THE TASK
Although the data below holds other lines too, output only those from the line with "[…] thème natal." up to and including the line with "6、點(diǎn)擊客人的位", exactly as they appear.
══ DATA FOR THIS TASK ══
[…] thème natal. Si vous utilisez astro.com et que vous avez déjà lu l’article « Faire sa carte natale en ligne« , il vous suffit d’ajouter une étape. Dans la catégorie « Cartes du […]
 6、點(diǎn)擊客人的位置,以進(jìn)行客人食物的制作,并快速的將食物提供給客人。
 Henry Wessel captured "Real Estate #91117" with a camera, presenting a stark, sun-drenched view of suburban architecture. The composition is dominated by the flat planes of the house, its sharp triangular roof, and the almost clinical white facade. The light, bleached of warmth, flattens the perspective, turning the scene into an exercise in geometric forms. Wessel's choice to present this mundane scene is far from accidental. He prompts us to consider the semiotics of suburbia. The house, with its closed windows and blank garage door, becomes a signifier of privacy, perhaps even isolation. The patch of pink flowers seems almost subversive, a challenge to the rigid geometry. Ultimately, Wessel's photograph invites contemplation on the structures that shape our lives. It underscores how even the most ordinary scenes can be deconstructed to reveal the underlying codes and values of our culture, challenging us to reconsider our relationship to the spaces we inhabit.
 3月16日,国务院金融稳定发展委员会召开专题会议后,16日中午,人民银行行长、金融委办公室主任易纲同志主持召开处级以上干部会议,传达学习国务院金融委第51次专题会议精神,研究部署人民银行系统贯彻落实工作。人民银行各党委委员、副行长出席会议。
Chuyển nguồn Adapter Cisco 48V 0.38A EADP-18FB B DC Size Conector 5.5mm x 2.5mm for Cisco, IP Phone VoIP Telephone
═══
══ DATA FOR THIS TASK ══
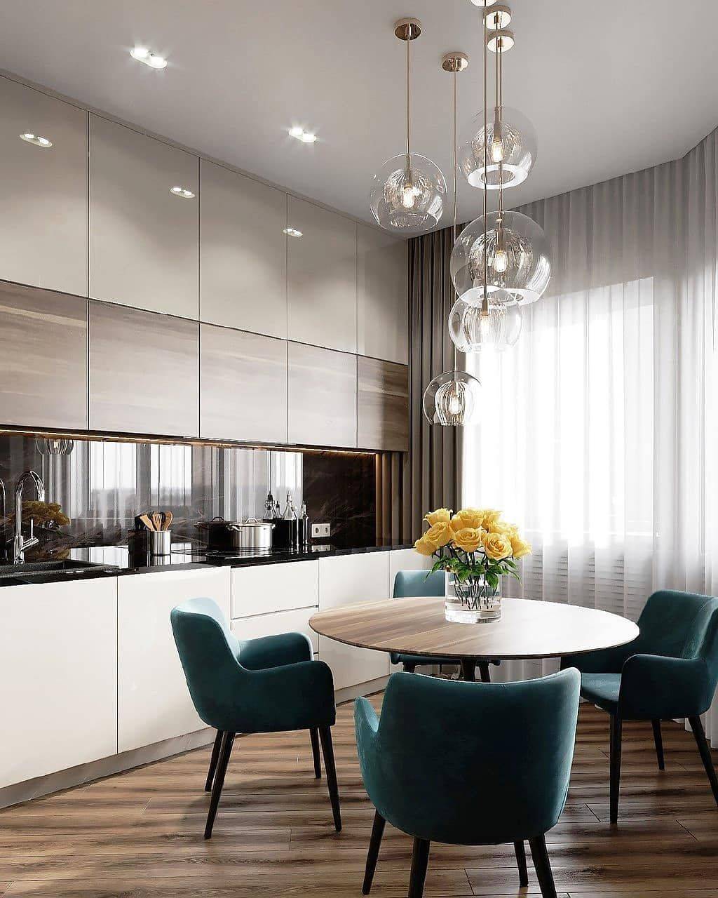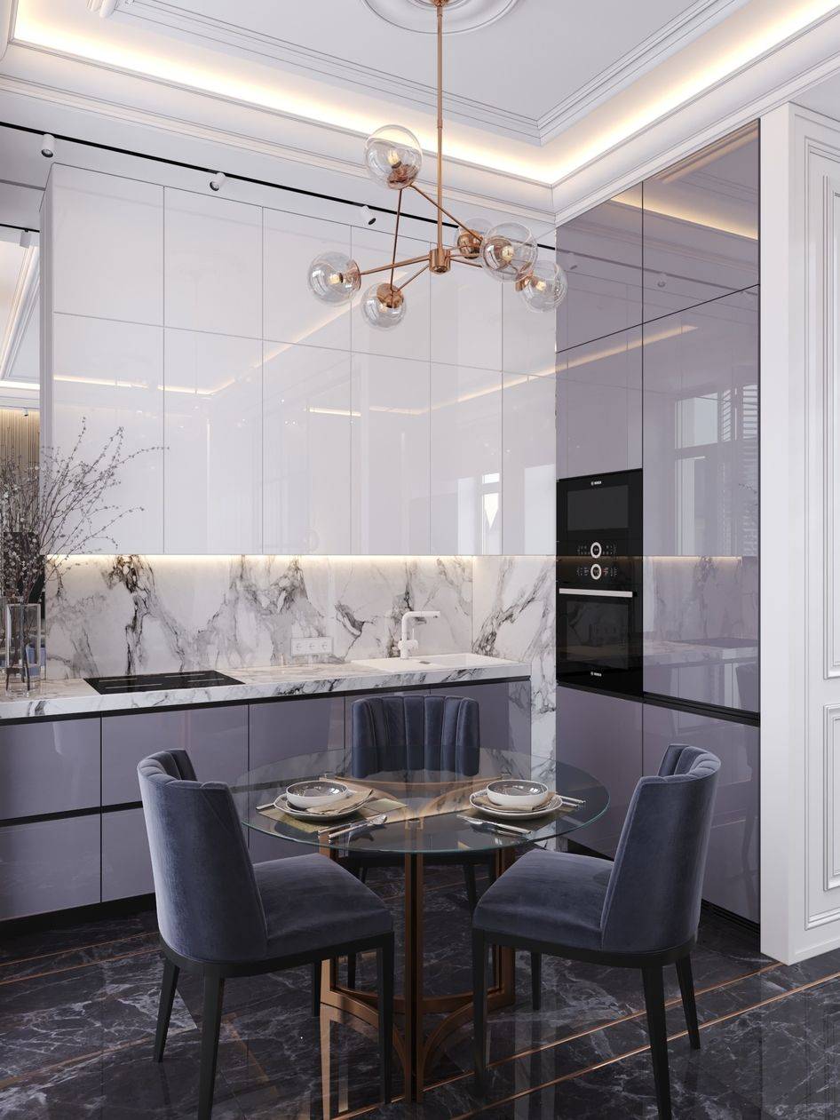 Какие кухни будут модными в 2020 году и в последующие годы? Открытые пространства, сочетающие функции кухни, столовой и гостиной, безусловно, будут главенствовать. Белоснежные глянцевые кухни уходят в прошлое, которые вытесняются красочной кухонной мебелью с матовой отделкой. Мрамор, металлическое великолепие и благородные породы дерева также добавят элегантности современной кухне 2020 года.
═══
PROBLEM SOLUTION
[…] thème natal. Si vous utilisez astro.com et que vous avez déjà lu l’article « Faire sa carte natale en ligne« , il vous suffit d’ajouter une étape. Dans la catégorie « Cartes du […]
 6、點(diǎn)擊客人的位置,以進(jìn)行客人食物的制作,并快速的將食物提供給客人。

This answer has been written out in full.